The data
···
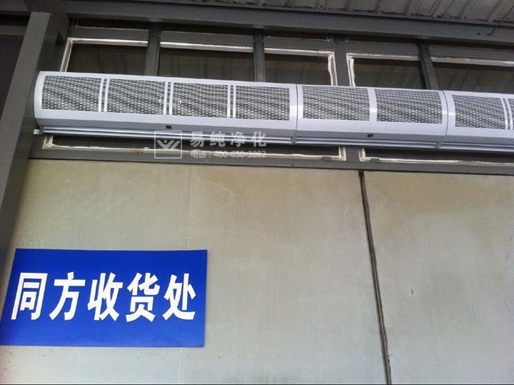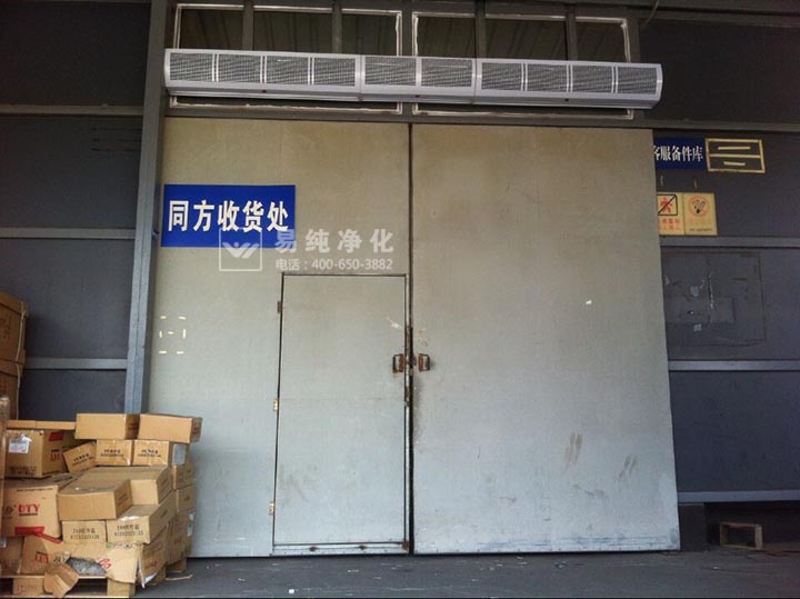 由于物流車輛頻繁進出,物流倉庫門無法像生產車間或其它區域的門經常開關,而物流倉庫門與室外直接接觸,在門敞開的同時會有大量的灰塵及蒼蠅蚊蟲進入。為此清華同方無錫工廠物流負責處的孫先生打電話找到我們,讓我們現場去給他們查看現場,出具方案。 易純公司工程師到達現場之后,查看了地形,位置、風向以及測量了門的寬度和高度,給同方人員提出了超強風風幕機安裝方案,風幕機運轉時產生一股強大的風流,像一道看不見的門簾,起到隔絕室內外空氣,同時隔絕蒼蠅蚊蟲的作用。由于同方物流倉庫門寬度和高度均比常規門大很多,因此易純提出了多臺風幕機組合并排式安裝使用,實現無縫連接,最終安裝完成后風幕機的寬度大于門洞的寬度,造成了無死角運轉。同方物流門上方為玻璃鋼結構,無法固定安裝底板,易純工程師采用了鋼帶縱橫加固,將風幕機壁板固定上鋼帶之上,即保證了風幕機的良好安裝,同時又保證了風幕機的穩固、安全。 下圖為同方風幕機安裝后的實際圖例:
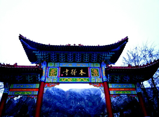 “素練披新山,銀樹列白川。”冬日的木梯寺被陣陣寒意包圍,顯得更加厚重。彩色牌樓挺立在白茫茫的山間,被襯托得分外鮮艷,“木梯寺”三個(gè)大字雄宏大氣,配合著這壯觀的景色,琉璃瓦下綴著水晶冰柱,像俏皮的小尾巴,為這幅水墨畫更增添了幾分頑皮。
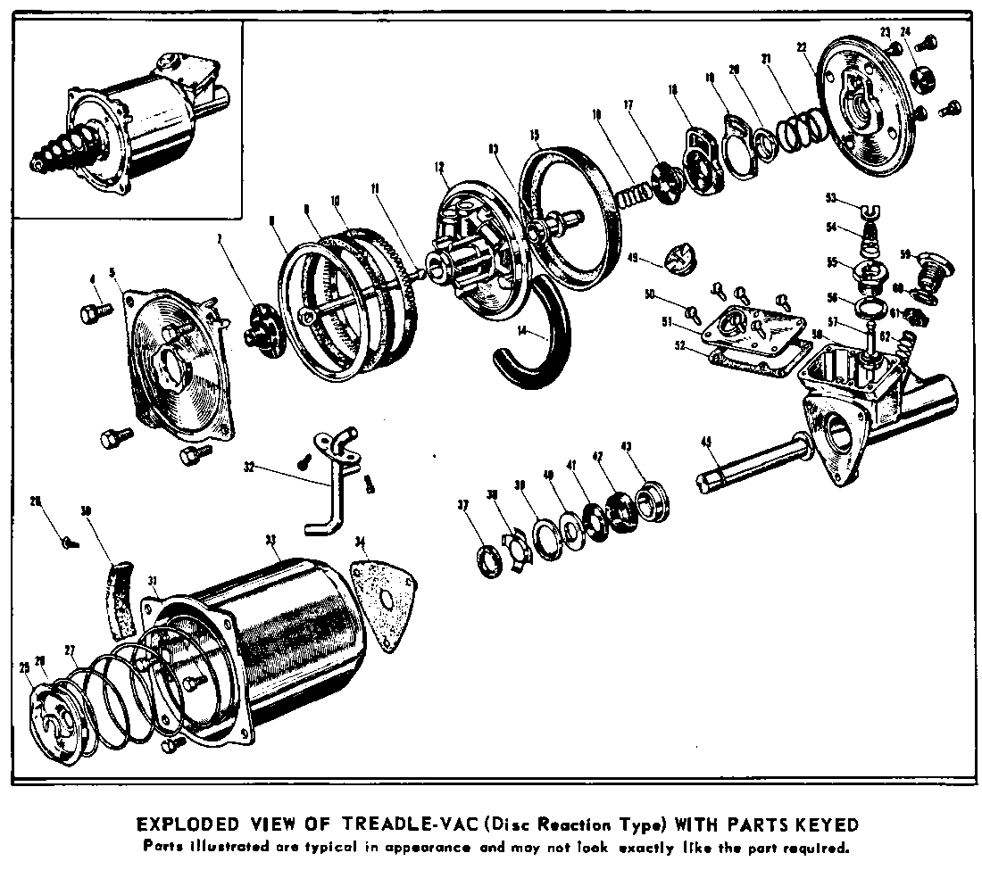 The Disc Reaction type of Treadle-Vac was used on 1959 and 1960 Lincoln, 1959 Edsel, late 1959 Oldsmobile (O-10) and 1959 American Motors (N-5).
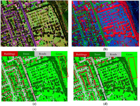 In particular, the results demonstrated the importance of combining LiDAR intensity and height data, where the overall accuracy increased by more than 12% after the DSM was incorporated with the intensity images. This is clearly notable in Figure 7c, where some pixels (marked by red rectangles) in the study area were misclassified as trees (i.e., high vegetation). Furthermore, many pixels that belong to the road surface were misclassified as buildings, while those pixels were correctly classified as grass (i.e., low vegetation) or roads, after DSM was incorporated as shown in Figure 7d (marked by black rectangles). Significant improvements of the producer’s and user’s accuracies were achieved for the individual land covers when DSM was considered. For instant, an improvement was achieved for the producer’s accuracy of buildings, trees and roads classes by 29.7%, 9.1% and 13.3%, respectively. Furthermore, the user’s accuracy of trees and roads classes was improved by 15.4% and 28.8%, respectively.
···
Task instructions
Set down each line of the material exactly and skip every image.

Task response
 由于物流車輛頻繁進出,物流倉庫門無法像生產車間或其它區域的門經常開關,而物流倉庫門與室外直接接觸,在門敞開的同時會有大量的灰塵及蒼蠅蚊蟲進入。為此清華同方無錫工廠物流負責處的孫先生打電話找到我們,讓我們現場去給他們查看現場,出具方案。 易純公司工程師到達現場之后,查看了地形,位置、風向以及測量了門的寬度和高度,給同方人員提出了超強風風幕機安裝方案,風幕機運轉時產生一股強大的風流,像一道看不見的門簾,起到隔絕室內外空氣,同時隔絕蒼蠅蚊蟲的作用。由于同方物流倉庫門寬度和高度均比常規門大很多,因此易純提出了多臺風幕機組合并排式安裝使用,實現無縫連接,最終安裝完成后風幕機的寬度大于門洞的寬度,造成了無死角運轉。同方物流門上方為玻璃鋼結構,無法固定安裝底板,易純工程師采用了鋼帶縱橫加固,將風幕機壁板固定上鋼帶之上,即保證了風幕機的良好安裝,同時又保證了風幕機的穩固、安全。 下圖為同方風幕機安裝后的實際圖例:
 “素練披新山,銀樹列白川。”冬日的木梯寺被陣陣寒意包圍,顯得更加厚重。彩色牌樓挺立在白茫茫的山間,被襯托得分外鮮艷,“木梯寺”三個(gè)大字雄宏大氣,配合著這壯觀的景色,琉璃瓦下綴著水晶冰柱,像俏皮的小尾巴,為這幅水墨畫更增添了幾分頑皮。
 The Disc Reaction type of Treadle-Vac was used on 1959 and 1960 Lincoln, 1959 Edsel, late 1959 Oldsmobile (O-10) and 1959 American Motors (N-5).
 In particular, the results demonstrated the importance of combining LiDAR intensity and height data, where the overall accuracy increased by more than 12% after the DSM was incorporated with the intensity images. This is clearly notable in Figure 7c, where some pixels (marked by red rectangles) in the study area were misclassified as trees (i.e., high vegetation). Furthermore, many pixels that belong to the road surface were misclassified as buildings, while those pixels were correctly classified as grass (i.e., low vegetation) or roads, after DSM was incorporated as shown in Figure 7d (marked by black rectangles). Significant improvements of the producer’s and user’s accuracies were achieved for the individual land covers when DSM was considered. For instant, an improvement was achieved for the producer’s accuracy of buildings, trees and roads classes by 29.7%, 9.1% and 13.3%, respectively. Furthermore, the user’s accuracy of trees and roads classes was improved by 15.4% and 28.8%, respectively.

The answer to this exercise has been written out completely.